Still nothing in there says he ASKED for money.  We all agree whatever part he played was wrong but we've yet to see exactly what his actions were.  The FACT is....

-we don't know if he asked for money (from Rogers or MSU or AU or anyone else)
-that he admitted that to NCAA (since we don't know the first statement is true)

So..your "facts" are merely your interpretation of the forrest that you decided to claim as "fact" since thats your position on what happened?

Btw...definition of FACT: verified information about past or present circumstances


----------



## rhbama3 (Dec 3, 2010)

trentb said:


> Yall like my hat?



Nope. 
Congrats on the awesome deer, though!


----------



## Les Miles (Dec 3, 2010)

JUSTIN37HUNT said:


> Still nothing in there says he ASKED for money.  We all agree whatever part he played was wrong but we've yet to see exactly what his actions were.  The FACT is....
> 
> -we don't know if he asked for money (from Rogers or MSU or AU or anyone else)
> -that he admitted that to NCAA (since we don't know the first statement is true)



"According to facts of the case agreed upon by Auburn University and the NCAA enforcement staff, the student-athlete’s father and an owner of a scouting service worked together to actively market the student-athlete as a part of a pay-for-play scenario in return for Newton’s commitment to attend college and play football."

Well he certainly wasn't expecting to be paid with tiddlywinks. 

Pay-for-play usually involves money. The NCAA and Auburn agreed Cecil was involved with the situation. 

If you can't see it then you just don't want to see it.


----------



## gin house (Dec 3, 2010)

trentb said:


> Yall like my hat?



 i like the deer.  hey that hat is an awesome idea, i always carry a roll of tp in my truck while huntin,  i might have to get one,  wait...........is it a pay for wipe??????


----------



## fairhopebama (Dec 3, 2010)

gin house said:


> i like the deer.  hey that hat is an awesome idea, i always carry a roll of tp in my truck while huntin,  i might have to get one,  wait...........is it a pay for wipe??????
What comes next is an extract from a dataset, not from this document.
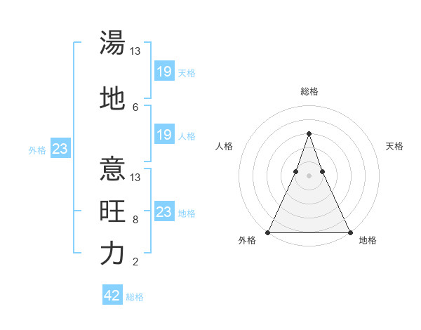 湯地 意旺力さんを姓名の画数から五運を鑑定

ouch, that will leave a mark...


----------



## lbzdually (Dec 3, 2010)

Let's call the MSU people who turned this the informants.  The informants said Cecil newton wanted money for his son to come play at Auburn.  This turned out to be true.  Informants also said that Cam Newton told them- paraphrased 'I wanted to come to MSU, but the money was too much.'  

Now the informants told the truth about Cecil, so we should assume they were telling the truth about Cam right?  So how does Cam saying 'the money was too much'  indicate he knew nothing of the scheme, or even to go further that money actually changed hands from someone at Auburn to Cecil Newton?   It's going to come out that what the informants said was true, I feel, and then Auburn will get hammered by the NCAA.


----------



## Bow Only (Dec 3, 2010)

Les Miles said:


> FACT: Cecil Newton has already admitted to asking for money.
> 
> FACT: He admitted that to the NCAA and the press reported it as well.
> 
> ...



Are you foolish enough to think he solicited money from Auburn, Tennesse, and Oklahoma and no one has any evidence to prove it?  He admitted he talked about money with Rogers, that is an infraction.  It was a MSU issue.  No one is doubting that.  Face it Les, you want there to be be more to it but it just isn't there.  It's over.  Wright's campaign didn't work.  You know who Jody Wright is don't you?  You know why he is the key figure in this don't you?  I'm sure as heck not going to tell you.


----------



## lbzdually (Dec 3, 2010)

Bow Only said:


> Are you foolish enough to think he solicited money from Auburn, Tennesse, and Oklahoma and no one has any evidence to prove it?  He admitted he talked about money with Rogers, that is an infraction.  It was a MSU issue.  No one is doubting that.  Face it Les, you want there to be be more to it but it just isn't there.  It's over.  Wright's campaign didn't work.  You know who Jody Wright is don't you?  You know why he is the key figure in this don't you?  I'm sure as heck not going to tell you.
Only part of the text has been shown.